Lucie had assumed she would tell Thanasis about the memory that had come back to her, but now found something holding her back.
Why couldn’t her first real memory of those missing months have been a good one? Why couldn’t it have been of them laughing or, even better, making love, not of the aftermath of an argument where he’d walked out on her and she’d been fighting back tears she would never let him see.
Whywouldn’t she have wanted him to see her cry? She’d never been much of a crier but she’d never been ashamed of her tears the few times they’d leaked out over her life.
And why was she too frightened to ask him about it?
But she needed to say something. ‘When we were living in your apartment… Did Athena visit much?’
There was only the slightest hesitation. ‘A few times that I know of. What makes you ask?’
‘A dream I had.’ That much she could tell him, and now she did look at him.
He’d raised an eyebrow in question.
‘The other night,’ she explained. ‘I thought it was a dream but now I think it might have been a memory.’
‘And you think that because?’
She kept her stare on him, wanting to gauge his reaction although she didn’t quite know why she wanted to gauge it. ‘Do you have black leather sofas and a glass coffee table?’

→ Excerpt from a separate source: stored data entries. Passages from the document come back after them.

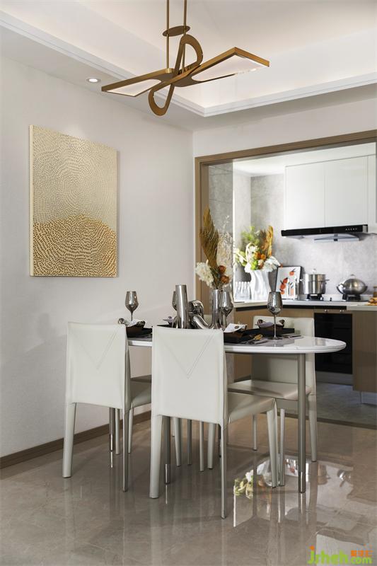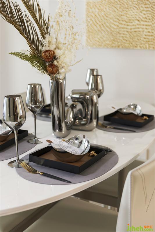 餐厅空间展现朴实不华之美,装饰挂画利落大方,装饰花艺与餐具将家的温馨感点亮,让美好的用餐时光更添一份温度感。
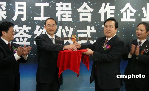 十月十九日,備受矚目的中國探月工程在北京簽署首家合作企業(yè),中國國防科學技術(shù)工業(yè)委員會協(xié)作配套中心與湘電集團有限公司簽署合作協(xié)議,共同對中國探月工程品牌進行市場開發(fā)和推廣。圖為國防科工委秘書長黃強(左二)出席簽約儀式,并向中國探月工程首家合作企業(yè)贈送“嫦娥一號”衛(wèi)星模型。中新社發(fā) 孫自法 攝
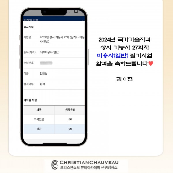 미용사(일반) 필기시험 합격을 축하드립니다.
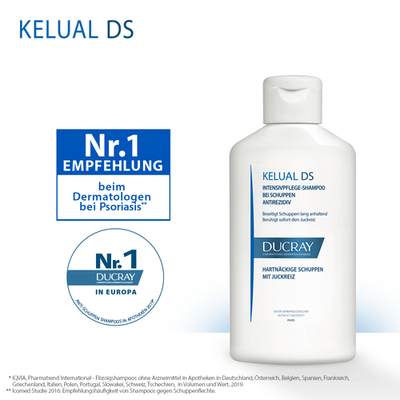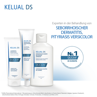 DUCRAY KELUAL DS Shampoo wurde speziell entwickelt, um unangenehmen Hautausschlägen und Ekzemen im Bereich der Kopfhaut entgegenzuwirken. Sind diese Ekzeme mit Schuppungen oder einem Hefepilzbefall verbunden, ist KELUAL DS Shampoo Ihre ideale Begleitpflege. Die Nr. 1 Empfehlung beim Dermatologen bei seborrhoischer Dermatitis hat eine schnelle und nachhaltige Wirkung. Der Duft des Shampoos ist dezent und Hypoallergen. Das Haar wird durch das Shampoo geschützt, gepflegt und ist optimal kämmbar. Die einmal wöchentliche Anwendung nach einer abgeschlossenen Schuppen-Behandlung mit DUCRAY KELUAL DS beugt wirksam einer erneuten Schuppenbildung vor.

His face moved a little closer to hers. There was the slightest flicker in his eye. ‘You remember them?’
‘Yes.’
‘Anything else?’
She chose her words carefully. ‘Nothing specific, but in my dream Athena was laughing at me, which is nothing unusual for her but the way it made me feel in the dream was unusual. Normally whatever she says to me rolls off—the only way to deal with her is to be Teflon coated—but whatever she said had really upset me.’

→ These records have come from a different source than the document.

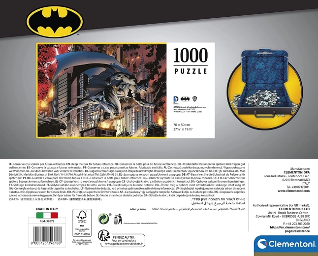 Stylové puzzle od značky Clementoni potěší všechny fanoušky BATMAN. Detailní ilustrace a přesné výseky zaručují plynulé skládání a skvělý výsledek. Praktický kufřík usnadní ukládání i přenášení, takže se puzzle hodí domů i na cesty.
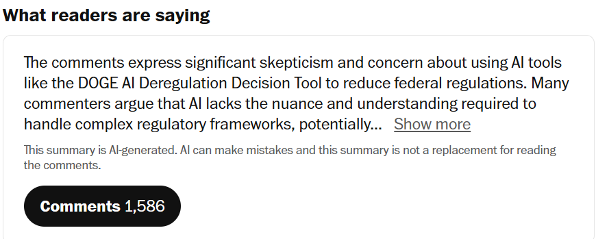 That’s where the AI tool comes in, the PowerPoint proposes. The tool will save 93 percent of the human labor involved by reviewing up to 500,000 comments submitted by the public in response to proposed rule changes. By the end of the deregulation exercise, humans will have spent just a few hours to cancel each of the 100,000 regulations, the PowerPoint claims.
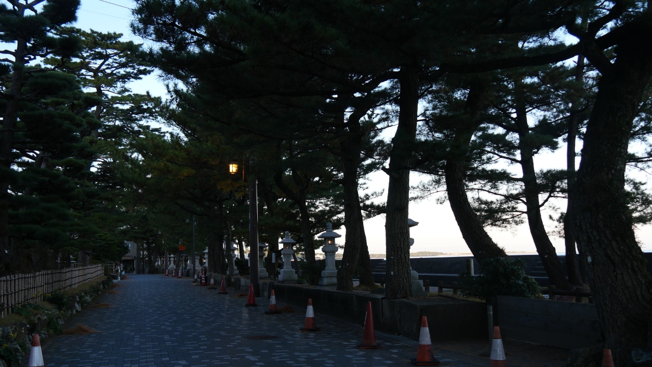 JR二見浦駅から参道を歩いて15分ほどで海岸に出ます。

There was a tightness in his voice. ‘Can you remember what she said? What she was laughing about?’
‘No. Is it real, then, the dream? Did I discuss it with you?’
‘No, but, Lucie…’ His features loosened a touch. Slowly, he reached for her. Suddenly she found herself holding her breath as his thumb traced over her cheek. ‘Athena has always been poisonous to you. Sheispoison. If you remember nothing else, remember that.’
The small, tender act of intimacy was over before she could take a breath. Before she could even open her mouth to speak, he expelled a short decisive breath and, with a rueful smile, got to his feet. ‘I need to get changed. My helicopter will be landing shortly.’
She stared at him dumbly. ‘You’re going somewhere?’
‘I have business in Athens.’
She stared even more dumbly. This was the first she’d heard of it. ‘Can I come?’